Epoch [1/10], Loss: 1.7319
Epoch [2/10], Loss: 1.2856
Epoch [3/10], Loss: 1.0517
Epoch [4/10], Loss: 0.9135
Epoch [5/10], Loss: 0.8232
Epoch [6/10], Loss: 0.7474
Epoch [7/10], Loss: 0.6840
Epoch [8/10], Loss: 0.6324
Epoch [9/10], Loss: 0.6030
Epoch [10/10], Loss: 0.5668


In [13]:
## Evaluation
VGG_model.eval() # Set the model to evaluation mode

correct = 0
total = 0
with torch.no_grad(): # Disable gradient calculation
    for images, labels in test_loader:
        images = images.to(device)
        labels = labels.to(device)

        outputs = VGG_model(images)
        _, predicted = torch.max(outputs.data, 1)
        correct += (predicted == labels).sum().item()
        total += labels.size(0)

accuracy = 100 * correct / total
print(f'Accuracy of the network on the test images: {accuracy:.2f}%')

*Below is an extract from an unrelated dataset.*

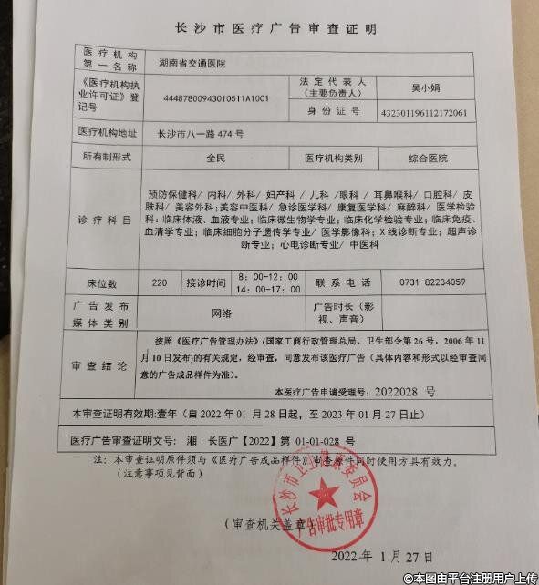 發(fā)證機(jī)關(guān):長沙市衛(wèi)生健康委員會(huì)

Accuracy of the network on the test images: 74.71%


In [15]:
train_correct = 0
train_total = 0
with torch.no_grad(): # Disable gradient calculation
    for images, labels in train_loader:
        images = images.to(device)
        labels = labels.to(device)

        outputs = VGG_model(images)
        _, predicted = torch.max(outputs.data, 1)
        train_correct += (predicted == labels).sum().item()
        train_total += labels.size(0)

accuracy = 100 * train_correct / train_total
print(f'Accuracy of the network on the train images: {accuracy:.2f}%')

Accuracy of the network on the train images: 86.02%


This shows us that the model is overfitting. We could use L2 regularization by adding a weight decay to the optimizer. We could also add batch normalization within our layers.